## AIM OF THE TASK
Find, in the records below, the line that contains "Par rapport à" and the line that contains "american sculptor patrick". Copy those two lines and everything between them exactly, but not the pictures.

Segment Start: STUDY MATERIAL

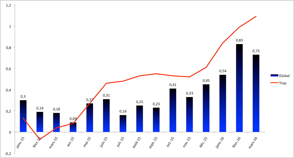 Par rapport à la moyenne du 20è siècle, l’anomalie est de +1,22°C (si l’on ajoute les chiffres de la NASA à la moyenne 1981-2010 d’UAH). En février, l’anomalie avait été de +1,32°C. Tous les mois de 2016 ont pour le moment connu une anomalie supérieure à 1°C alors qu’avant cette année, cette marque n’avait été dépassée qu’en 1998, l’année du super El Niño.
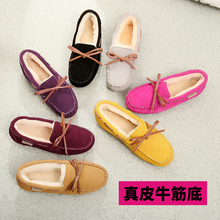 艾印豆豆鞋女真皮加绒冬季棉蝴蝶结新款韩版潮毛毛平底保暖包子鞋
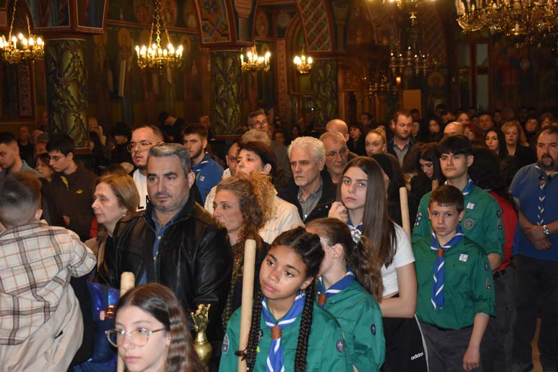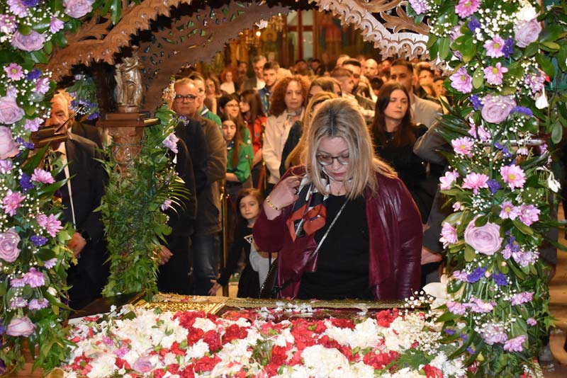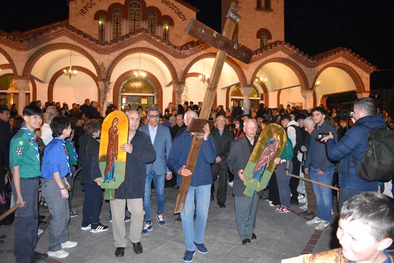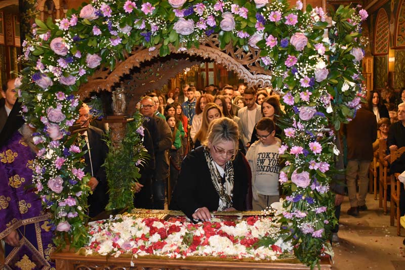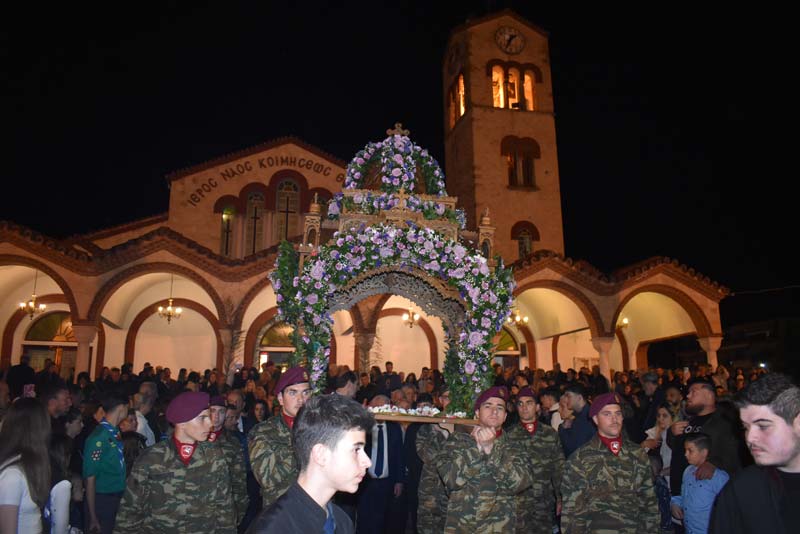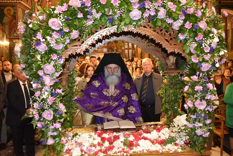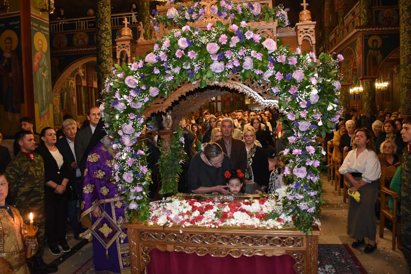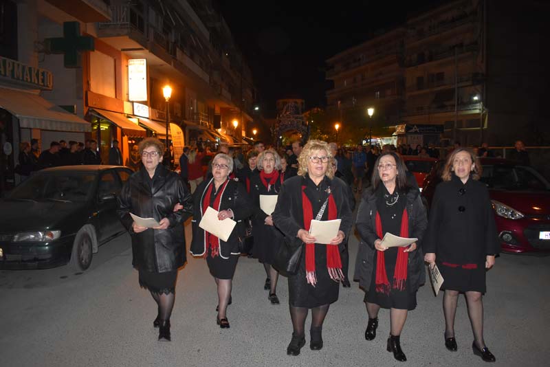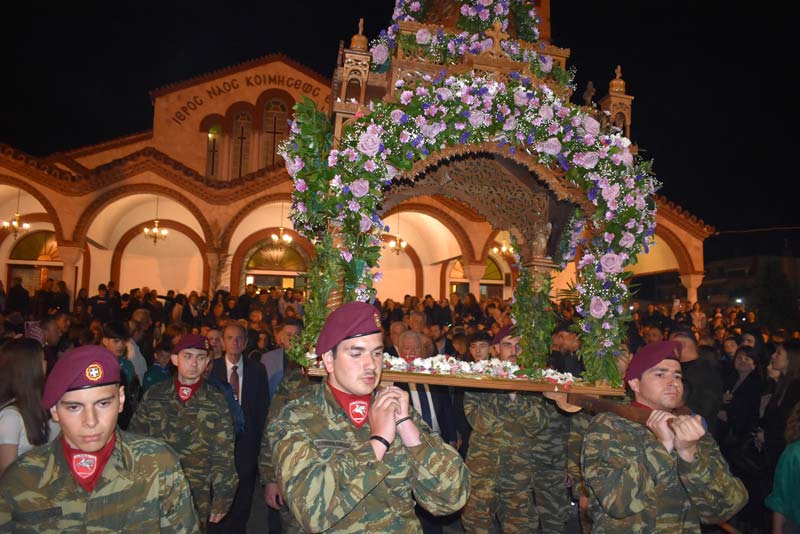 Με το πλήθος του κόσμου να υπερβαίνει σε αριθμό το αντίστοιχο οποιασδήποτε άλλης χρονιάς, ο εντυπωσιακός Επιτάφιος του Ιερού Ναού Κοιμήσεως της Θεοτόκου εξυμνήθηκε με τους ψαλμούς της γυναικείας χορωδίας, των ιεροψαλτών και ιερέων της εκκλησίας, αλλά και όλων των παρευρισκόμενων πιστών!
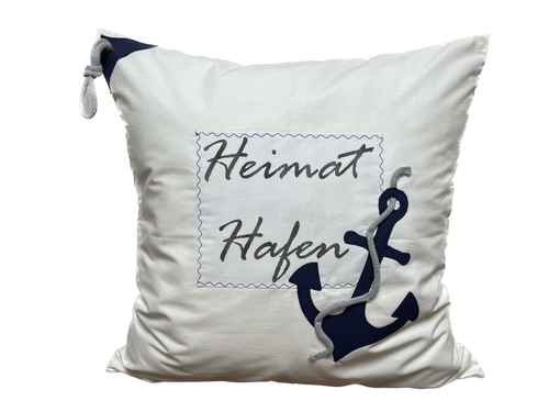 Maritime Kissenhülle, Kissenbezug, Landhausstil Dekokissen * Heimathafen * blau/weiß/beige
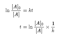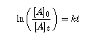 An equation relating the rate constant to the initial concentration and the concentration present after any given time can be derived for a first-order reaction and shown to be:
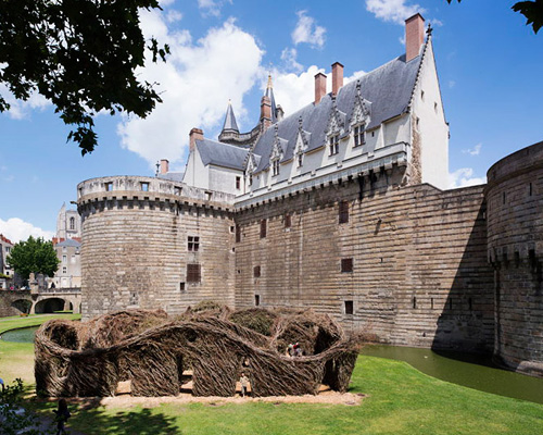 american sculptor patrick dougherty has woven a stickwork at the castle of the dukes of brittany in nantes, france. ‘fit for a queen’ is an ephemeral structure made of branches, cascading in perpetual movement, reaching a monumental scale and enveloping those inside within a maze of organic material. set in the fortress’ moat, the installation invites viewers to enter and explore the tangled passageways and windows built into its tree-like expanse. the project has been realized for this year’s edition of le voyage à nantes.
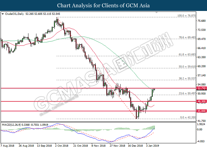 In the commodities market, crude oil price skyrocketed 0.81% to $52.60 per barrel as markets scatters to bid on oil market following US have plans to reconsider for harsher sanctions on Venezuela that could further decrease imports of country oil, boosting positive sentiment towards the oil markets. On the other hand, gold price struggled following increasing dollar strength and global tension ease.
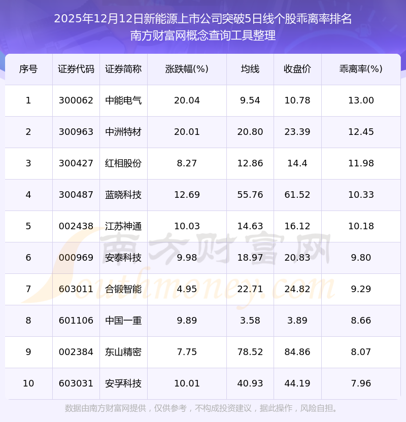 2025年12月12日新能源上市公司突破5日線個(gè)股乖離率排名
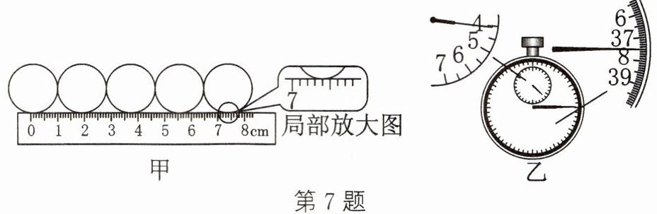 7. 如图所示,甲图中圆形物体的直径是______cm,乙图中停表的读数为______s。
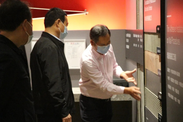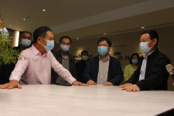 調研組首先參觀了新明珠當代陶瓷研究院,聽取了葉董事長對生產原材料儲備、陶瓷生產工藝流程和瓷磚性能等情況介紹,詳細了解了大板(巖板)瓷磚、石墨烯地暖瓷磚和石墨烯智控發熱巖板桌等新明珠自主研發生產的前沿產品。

Segment End: STUDY MATERIAL
Segment Start: STUDY MATERIAL

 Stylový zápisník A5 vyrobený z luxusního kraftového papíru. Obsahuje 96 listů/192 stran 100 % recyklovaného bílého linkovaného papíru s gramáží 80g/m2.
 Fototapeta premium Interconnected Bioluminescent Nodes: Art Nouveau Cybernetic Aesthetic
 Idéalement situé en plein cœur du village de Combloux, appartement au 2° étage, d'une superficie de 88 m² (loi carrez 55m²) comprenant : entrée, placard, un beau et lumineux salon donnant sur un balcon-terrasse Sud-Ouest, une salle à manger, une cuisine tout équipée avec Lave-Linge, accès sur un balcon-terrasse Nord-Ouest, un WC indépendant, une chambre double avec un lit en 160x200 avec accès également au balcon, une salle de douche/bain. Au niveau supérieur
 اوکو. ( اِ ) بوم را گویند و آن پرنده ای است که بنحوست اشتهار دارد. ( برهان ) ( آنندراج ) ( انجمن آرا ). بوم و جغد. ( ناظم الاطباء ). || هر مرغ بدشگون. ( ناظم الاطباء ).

Segment End: STUDY MATERIAL
Segment Start: STUDY MATERIAL

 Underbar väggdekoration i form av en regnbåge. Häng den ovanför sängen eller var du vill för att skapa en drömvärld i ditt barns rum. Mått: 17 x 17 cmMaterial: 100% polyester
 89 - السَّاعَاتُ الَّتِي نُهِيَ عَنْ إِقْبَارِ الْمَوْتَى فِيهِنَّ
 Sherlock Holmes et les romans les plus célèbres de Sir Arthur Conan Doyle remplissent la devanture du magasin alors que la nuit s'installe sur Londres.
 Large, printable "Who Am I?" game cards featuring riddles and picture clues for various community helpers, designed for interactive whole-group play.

Segment End: STUDY MATERIAL

## RESULT OF THIS TASK
 Par rapport à la moyenne du 20è siècle, l’anomalie est de +1,22°C (si l’on ajoute les chiffres de la NASA à la moyenne 1981-2010 d’UAH). En février, l’anomalie avait été de +1,32°C. Tous les mois de 2016 ont pour le moment connu une anomalie supérieure à 1°C alors qu’avant cette année, cette marque n’avait été dépassée qu’en 1998, l’année du super El Niño.
 艾印豆豆鞋女真皮加绒冬季棉蝴蝶结新款韩版潮毛毛平底保暖包子鞋
 Με το πλήθος του κόσμου να υπερβαίνει σε αριθμό το αντίστοιχο οποιασδήποτε άλλης χρονιάς, ο εντυπωσιακός Επιτάφιος του Ιερού Ναού Κοιμήσεως της Θεοτόκου εξυμνήθηκε με τους ψαλμούς της γυναικείας χορωδίας, των ιεροψαλτών και ιερέων της εκκλησίας, αλλά και όλων των παρευρισκόμενων πιστών!
 Maritime Kissenhülle, Kissenbezug, Landhausstil Dekokissen * Heimathafen * blau/weiß/beige
 An equation relating the rate constant to the initial concentration and the concentration present after any given time can be derived for a first-order reaction and shown to be:
 american sculptor patrick dougherty has woven a stickwork at the castle of the dukes of brittany in nantes, france. ‘fit for a queen’ is an ephemeral structure made of branches, cascading in perpetual movement, reaching a monumental scale and enveloping those inside within a maze of organic material. set in the fortress’ moat, the installation invites viewers to enter and explore the tangled passageways and windows built into its tree-like expanse. the project has been realized for this year’s edition of le voyage à nantes.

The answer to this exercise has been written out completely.